● INFORMATION SHOWN
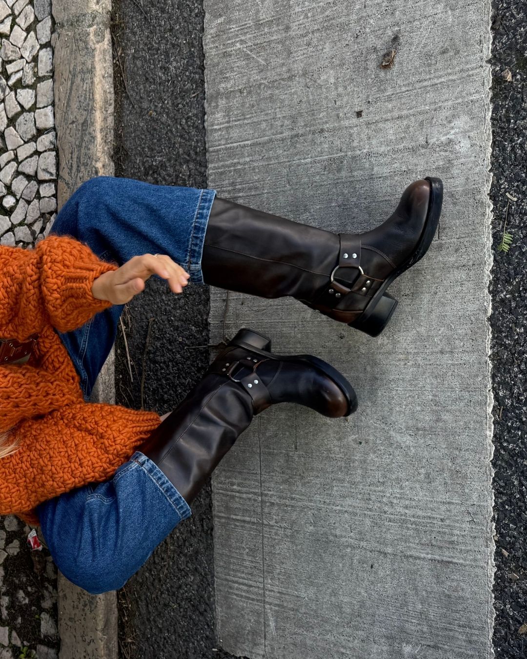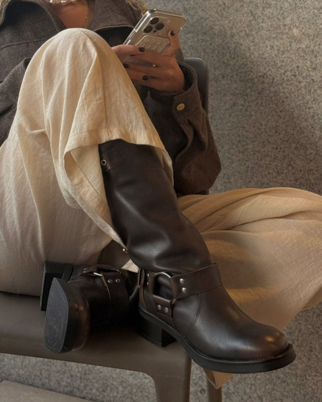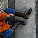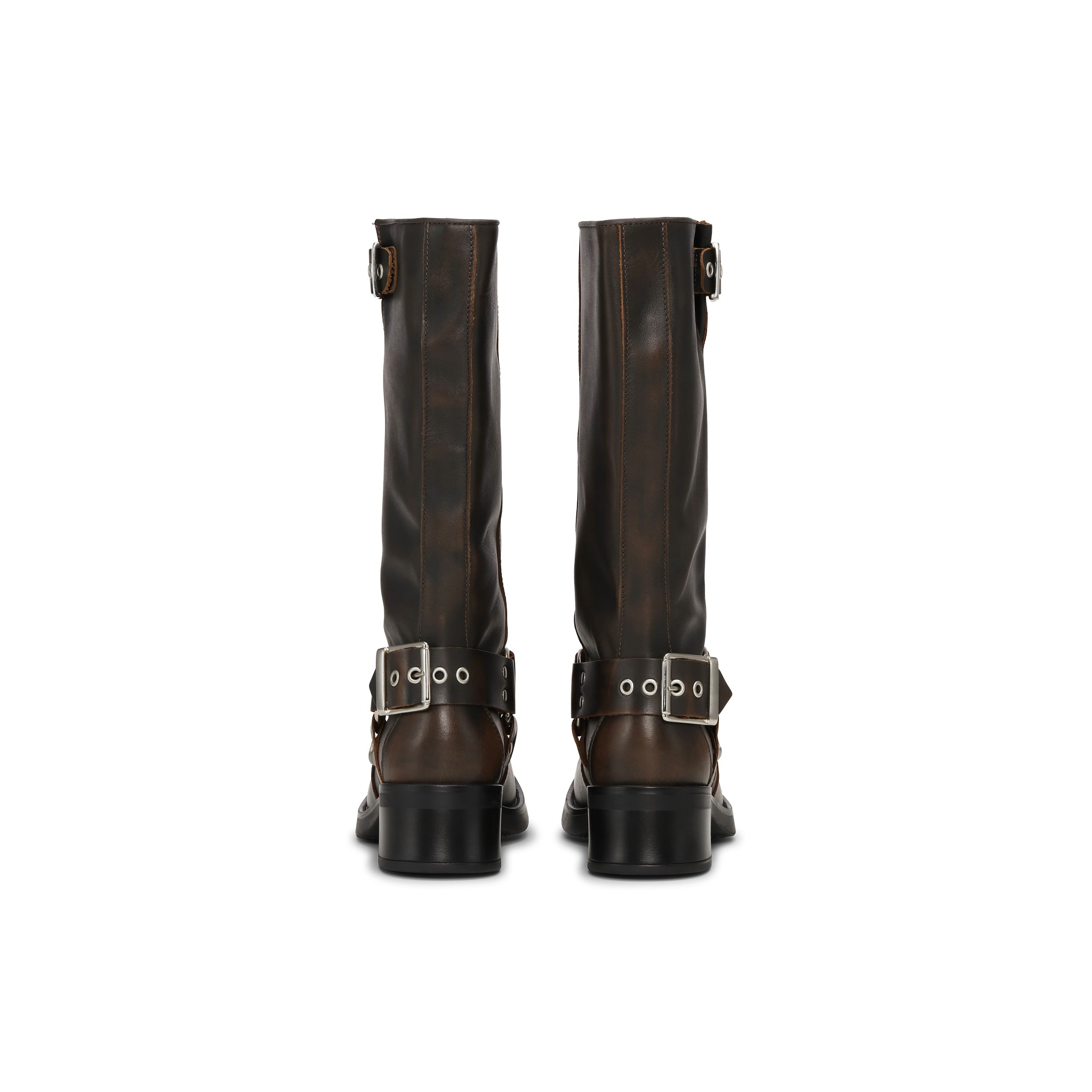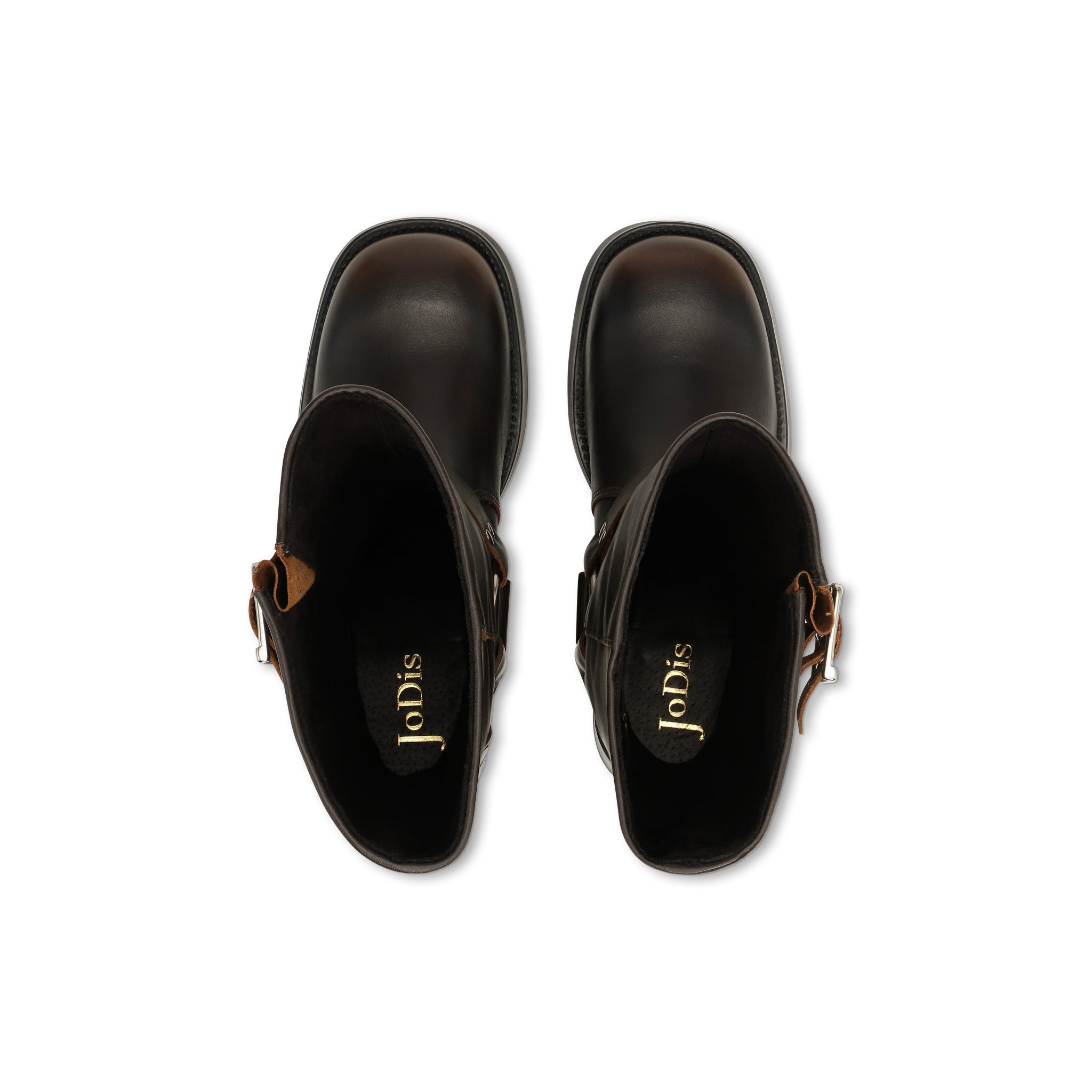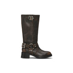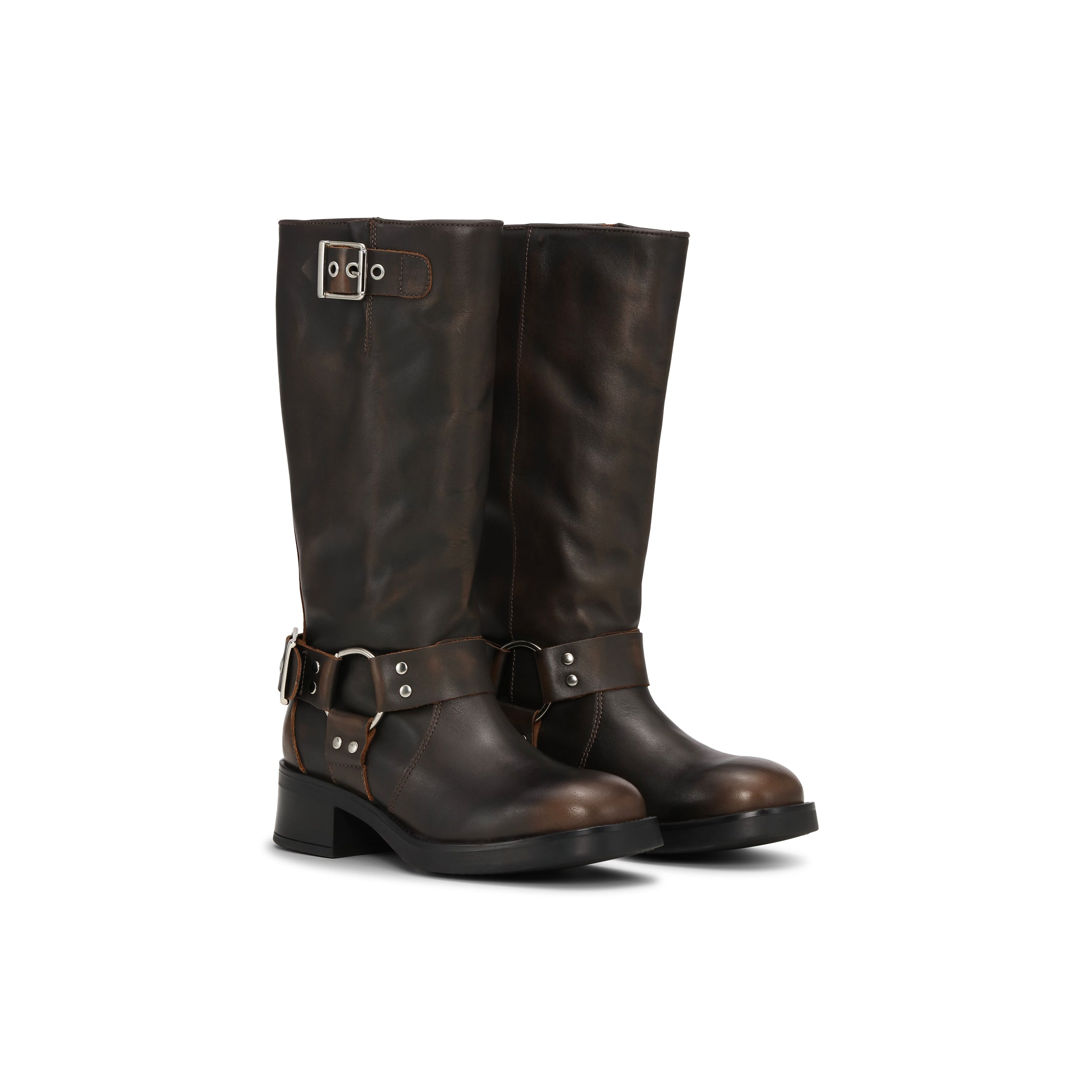 Saxy Biker Boots, er en støvle, der kombinerer tidløst design med en moderne biker stil. Fremstillet i mørkebrunt luksuslæder, tilbyder denne model en afrundet tå samt markante harness-detaljer omkring anklen og skaftet. Den justerbare spænde giver optimal komfort og et personligt fit. Med sin praktiske slip-on funktion er disse støvler lette at tage af og på. De rå metaldetaljer og robuste design tilfører et autentisk biker-look, perfekt til dig, der ønsker en stilfuld og kantet støvle.
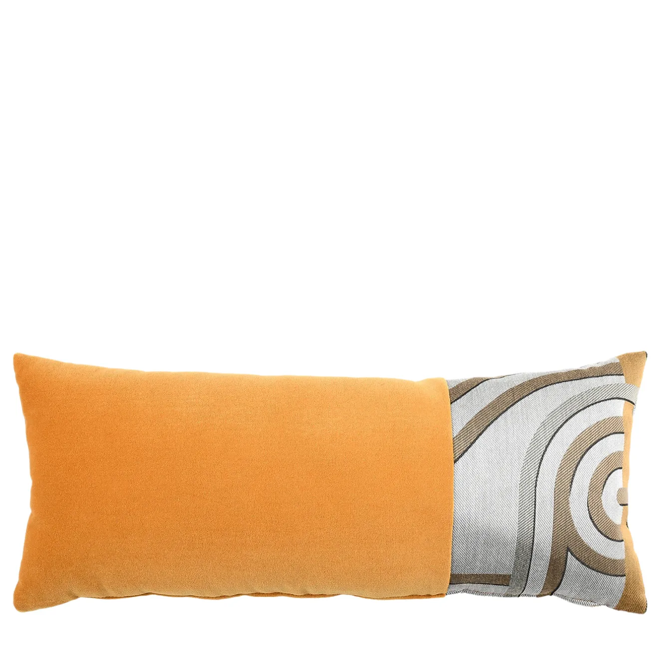 un cuscino decorativo rettangolare che presenta un contrasto sorprendente tra il morbido velluto giallo e il tessuto jacquard intrecciato in modo complesso con motivi circolari. progettato per offrire sia comfort che uno stile raffinato, arricchisce divani e letti con un look su misura. realizzato con precisione, questo pezzo fonde texture sofisticate e una palette di colori equilibrata per portare un accento sottile ma distintivo agli interni contemporanei.
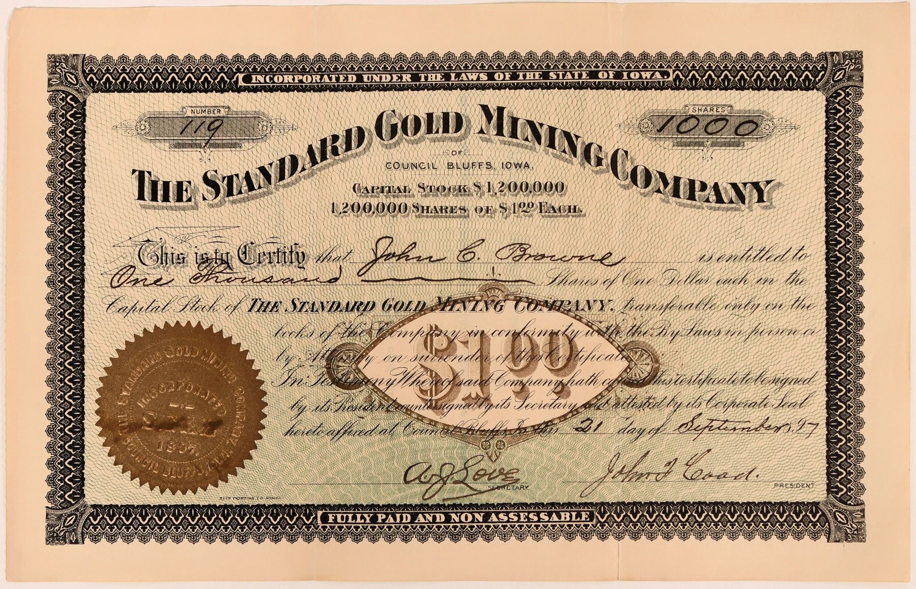 Of Council Bluffs, Iowa Stock, 1897. Inc. in Iowa. Cert. #119, issued for 1000 shares in 1897. We could find no reference to this company or its operations after much looking. Nice looking certificate. Fold split at bottom right fold. Uncanceled. Iowa 1897 Iowa

● PROBLEM TO SOLVE
Write out the data again word for word, minus any images.

● TASK RESULT
 Saxy Biker Boots, er en støvle, der kombinerer tidløst design med en moderne biker stil. Fremstillet i mørkebrunt luksuslæder, tilbyder denne model en afrundet tå samt markante harness-detaljer omkring anklen og skaftet. Den justerbare spænde giver optimal komfort og et personligt fit. Med sin praktiske slip-on funktion er disse støvler lette at tage af og på. De rå metaldetaljer og robuste design tilfører et autentisk biker-look, perfekt til dig, der ønsker en stilfuld og kantet støvle.
 un cuscino decorativo rettangolare che presenta un contrasto sorprendente tra il morbido velluto giallo e il tessuto jacquard intrecciato in modo complesso con motivi circolari. progettato per offrire sia comfort che uno stile raffinato, arricchisce divani e letti con un look su misura. realizzato con precisione, questo pezzo fonde texture sofisticate e una palette di colori equilibrata per portare un accento sottile ma distintivo agli interni contemporanei.
 Of Council Bluffs, Iowa Stock, 1897. Inc. in Iowa. Cert. #119, issued for 1000 shares in 1897. We could find no reference to this company or its operations after much looking. Nice looking certificate. Fold split at bottom right fold. Uncanceled. Iowa 1897 Iowa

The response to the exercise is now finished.